College Students Continuation of Mental Health Care Act of 2025

Introduced: Sep 15, 2025
Sponsor: Rep. Flood, Mike [R-NE-1] (R-Nebraska)
HealthcareSocial Services
Standard Summary
Comprehensive overview in 1-2 paragraphs

This bill creates a framework for college mental health providers to deliver telehealth services to students located in states other than the provider’s home state, using the provider’s primary state license. In effect, it allows limited licensing reciprocity so that campus-based mental health clinicians can treat students who are in a different state, provided they meet specific pre-treatment requirements and stay within the practice rules of the student’s location. The goal is to improve continuity of mental health care for college students, including those studying remotely or who relocate during a term, while maintaining state-specified professional boundaries. Key features include required steps before starting telehealth (such as verifying student identity and securing consent about the treatment relationship), limits on the scope of practice to what the student’s state permits, treatment of malpractice insurance as if services were provided in the primary state, and encouragement of interstate compacts to formalize cross-state telehealth arrangements.
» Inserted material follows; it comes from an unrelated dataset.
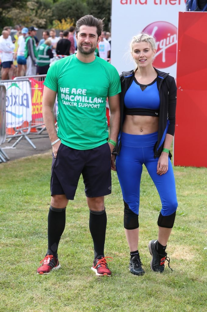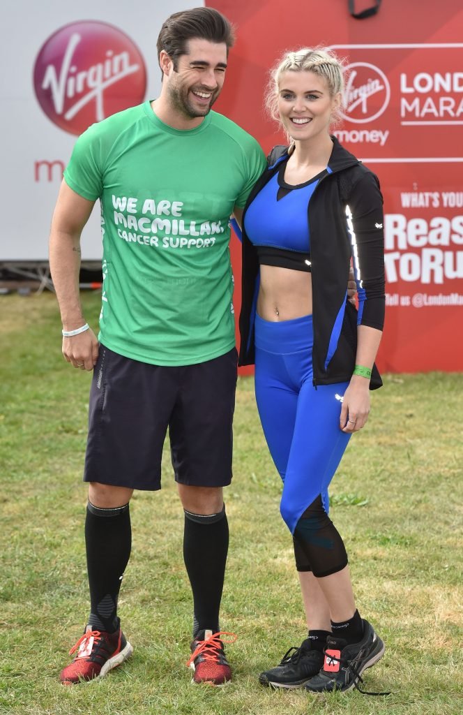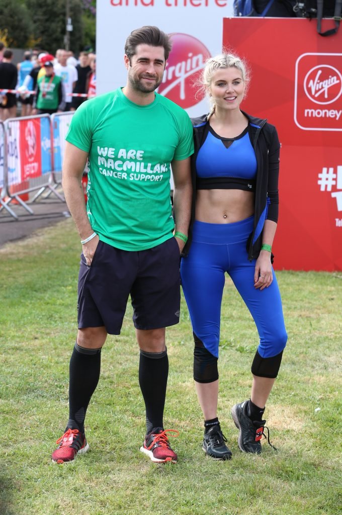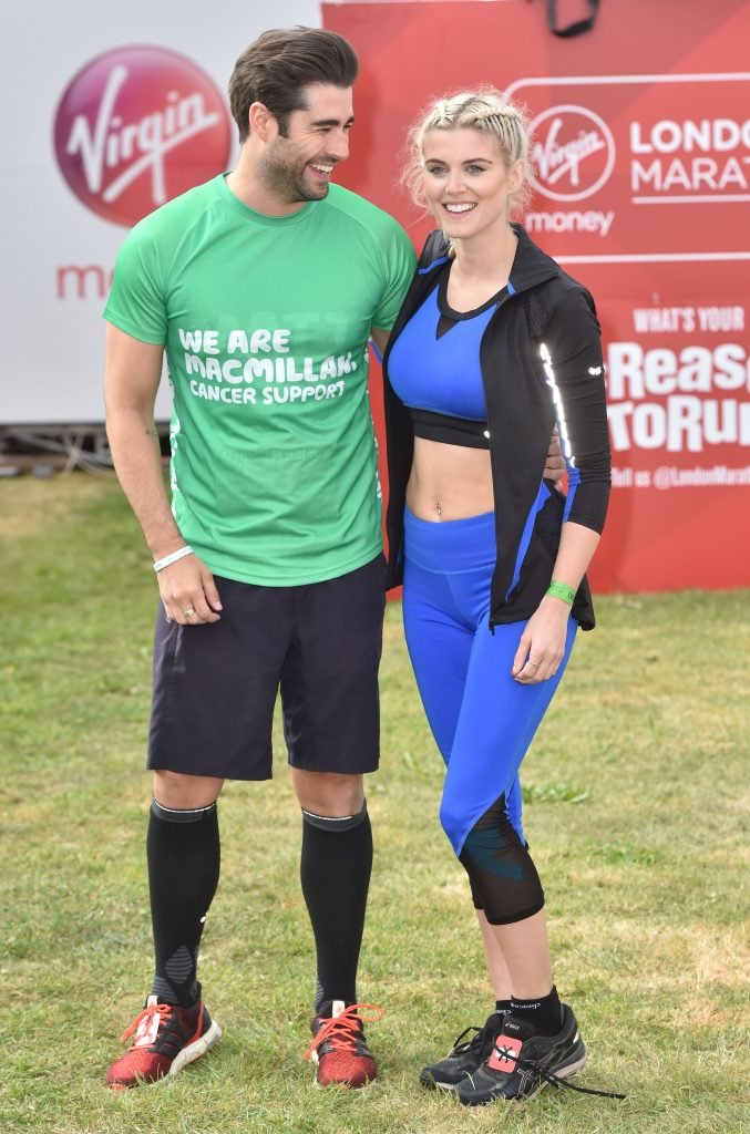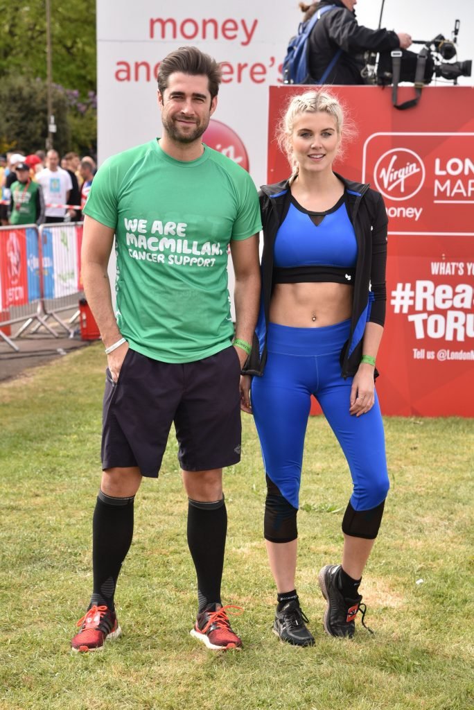 Hot blonde Ashley James wears a blue sports top and leggings during the 2017 London marathon, 04/23/2017. Ashley James is a model, TV presenter, reality TV star (E4’s Made In Chelsea show) and blogger. Age – 30 years old (born April 2, 1987).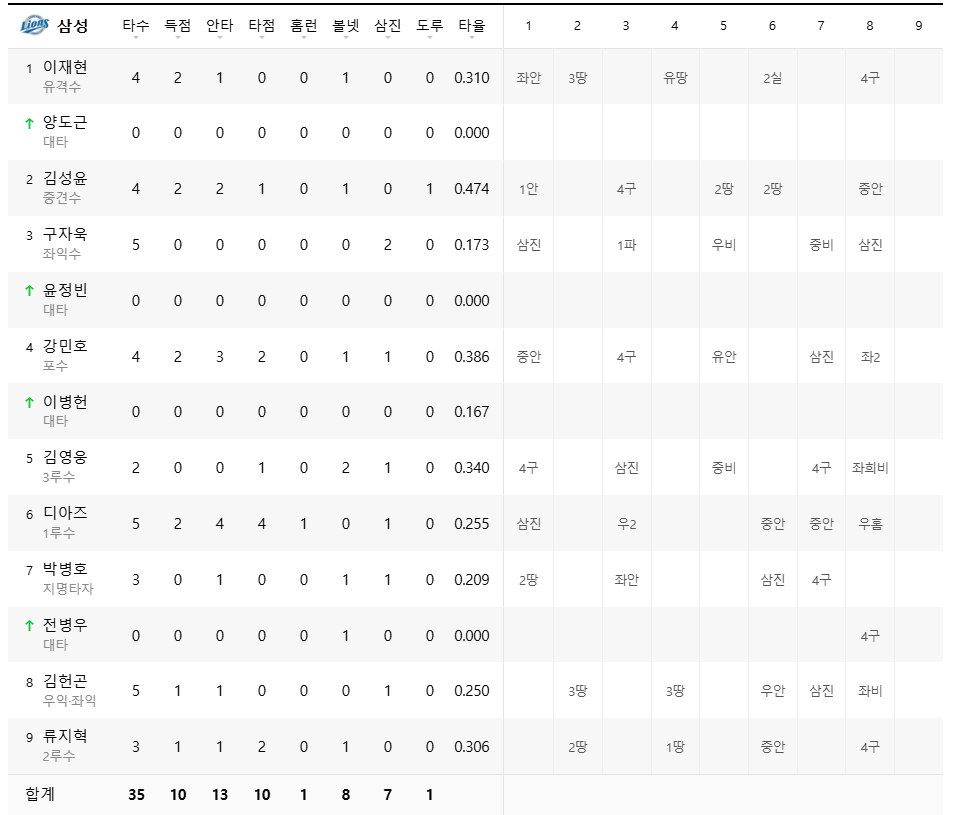 삼성라이온즈 : 10점, 13안타, 0실책

The bill defines several terms (e.g., “college mental health provider,” “covered student,” “primary state”) to clarify who is eligible and under what conditions such telehealth services can occur.

Key Points

  • 1Establishes limited licensing reciprocity for college mental health providers to furnish telehealth services to students located in the student’s state, using the provider’s primary state license, unless the student’s state affirmatively prohibits practice.
  • 2Before providing telehealth, providers must: verify the student’s identity, obtain and record acknowledgment that the student intends to receive services, secure multiple means of telehealth contact in case of tech failure, and, for new patients, obtain a written acknowledgment of the treatment relationship or use real-time communication.
  • 3Scope of practice: providers must act within the primary state’s license authority, and may not offer services that are prohibited by the student’s state or that would be prohibited if conducted in the student’s state; they may not exceed the scope of what the primary state would authorize.
  • 4Malpractice insurance: coverage is treated as if the services were provided in the primary state.
  • 5Interstate compacts: Congress is authorized to approve agreements between states to allow such telehealth services, as long as they do not conflict with the statute.
  • 6Definitions: key terms include “college mental health provider,” “covered student,” “institution of higher education,” “primary state,” “state,” and “telehealth technology.”

Impact Areas

Primary group/area affected: College students who attend institutions with on-campus mental health providers and the college mental health providers themselves, as well as institutions of higher education and their health services staff.Secondary group/area affected: State licensing boards and regulators, insurers (including malpractice insurers), and interstate telehealth networks or compacts; families and legal representatives of students who seek care.Additional impacts: Potentially improved access to mental health care for students who are outside the provider’s home state or who study remotely, possible shifts in licensure and enforcement burden across states, and new negotiation pathways through interstate compacts to formalize cross-state telehealth arrangements. There may also be considerations related to privacy, consent, and reimbursement practices across state lines.